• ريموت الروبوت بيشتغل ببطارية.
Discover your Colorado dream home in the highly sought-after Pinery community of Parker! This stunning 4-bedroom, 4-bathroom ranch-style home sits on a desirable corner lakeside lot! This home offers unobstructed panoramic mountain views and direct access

...

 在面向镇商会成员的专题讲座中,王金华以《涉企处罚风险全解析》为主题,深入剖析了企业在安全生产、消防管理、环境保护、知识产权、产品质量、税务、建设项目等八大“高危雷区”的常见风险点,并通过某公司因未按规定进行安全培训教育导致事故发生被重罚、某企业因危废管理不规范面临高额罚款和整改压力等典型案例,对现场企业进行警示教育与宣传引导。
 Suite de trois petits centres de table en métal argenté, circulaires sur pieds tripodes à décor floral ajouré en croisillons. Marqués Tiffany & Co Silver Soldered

==

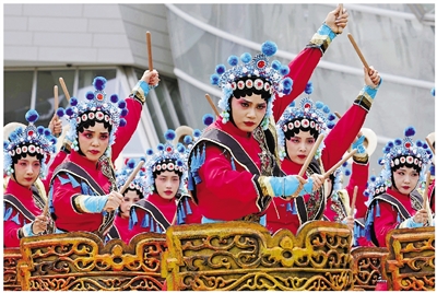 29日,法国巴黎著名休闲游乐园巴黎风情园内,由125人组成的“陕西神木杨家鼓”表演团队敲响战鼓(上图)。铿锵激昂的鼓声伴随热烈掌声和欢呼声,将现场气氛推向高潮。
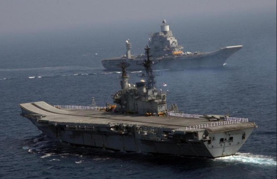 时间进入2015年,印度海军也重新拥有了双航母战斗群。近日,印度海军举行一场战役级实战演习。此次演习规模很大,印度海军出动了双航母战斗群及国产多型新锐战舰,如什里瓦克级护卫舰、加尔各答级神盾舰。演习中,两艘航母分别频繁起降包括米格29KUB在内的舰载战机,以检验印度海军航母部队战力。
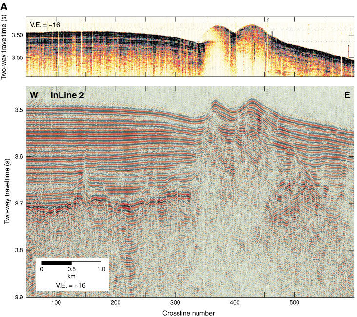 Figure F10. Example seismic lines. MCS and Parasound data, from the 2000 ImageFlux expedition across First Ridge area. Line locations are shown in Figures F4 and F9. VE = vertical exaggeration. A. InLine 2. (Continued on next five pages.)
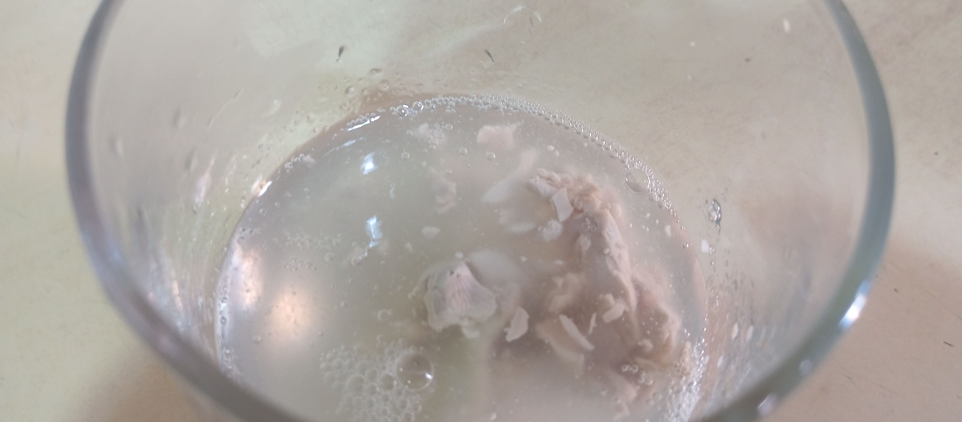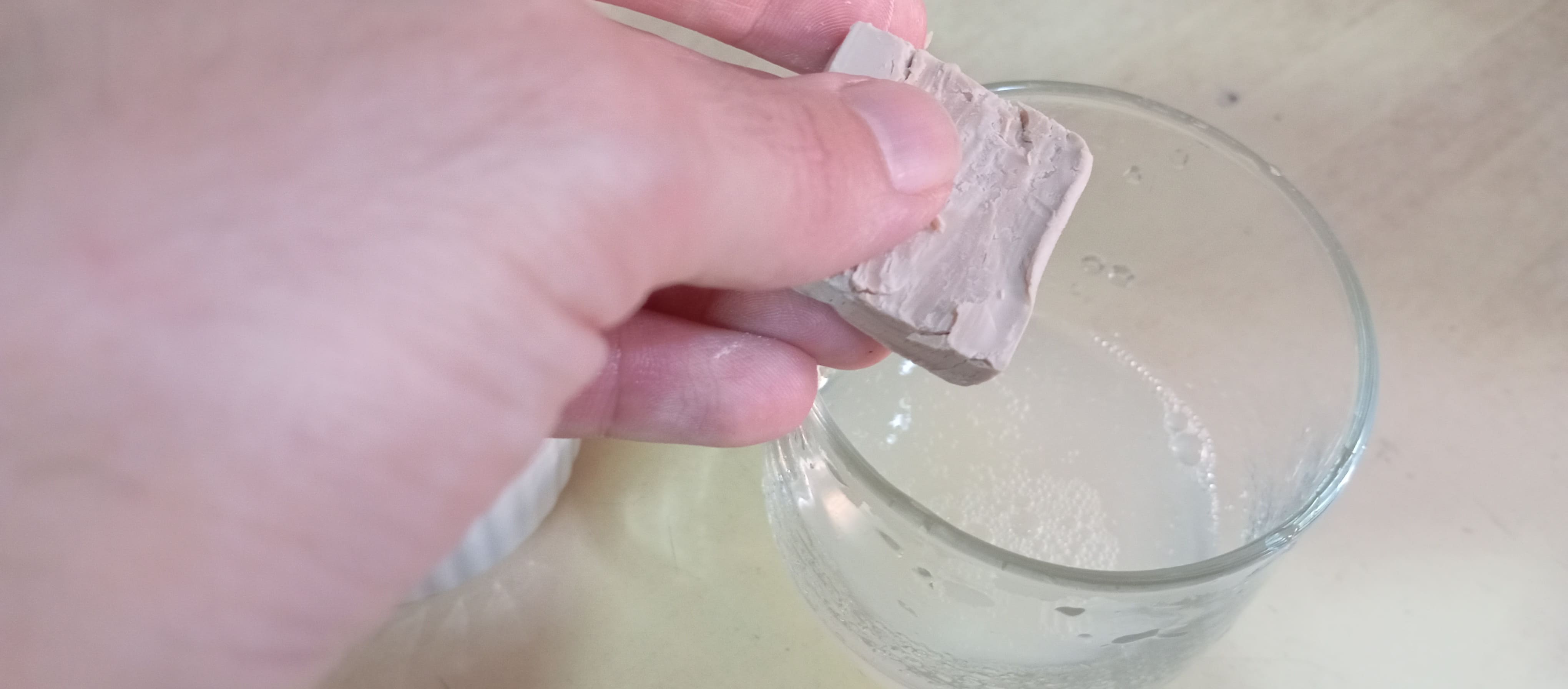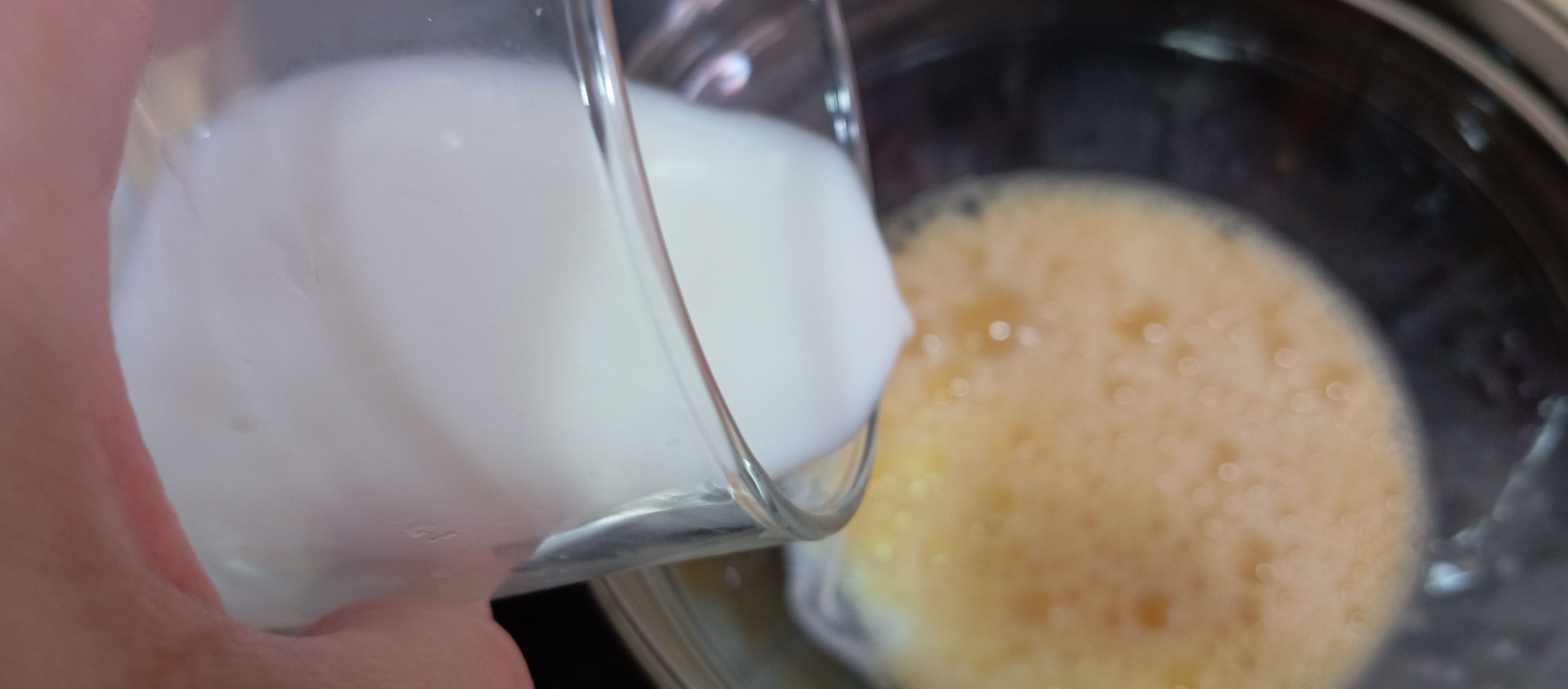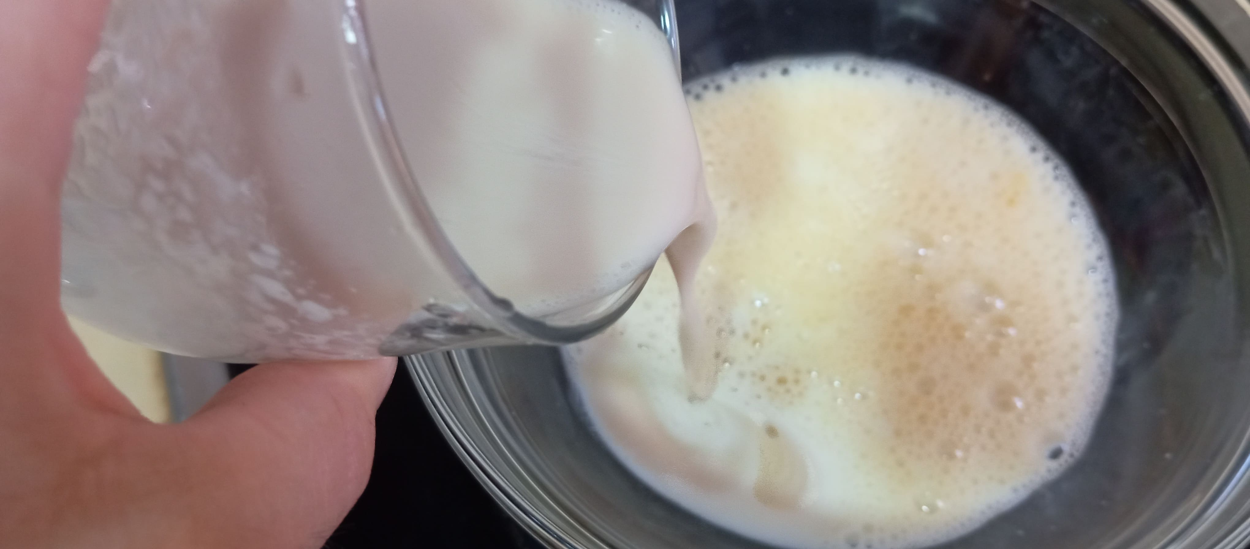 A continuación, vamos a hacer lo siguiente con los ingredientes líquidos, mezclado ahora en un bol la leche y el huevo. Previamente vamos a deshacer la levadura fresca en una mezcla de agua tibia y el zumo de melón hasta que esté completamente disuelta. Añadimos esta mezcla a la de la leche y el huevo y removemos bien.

▸ DIRECTIONS: Of the lines above, retype only those from the line containing "الروبوت بيشتغل ببطارية." through the line containing "Discover your Colorado", including both, exactly.

▸ OUTPUT FOR THIS EXERCISE:
• ريموت الروبوت بيشتغل ببطارية.
Discover your Colorado dream home in the highly sought-after Pinery community of Parker! This stunning 4-bedroom, 4-bathroom ranch-style home sits on a desirable corner lakeside lot! This home offers unobstructed panoramic mountain views and direct access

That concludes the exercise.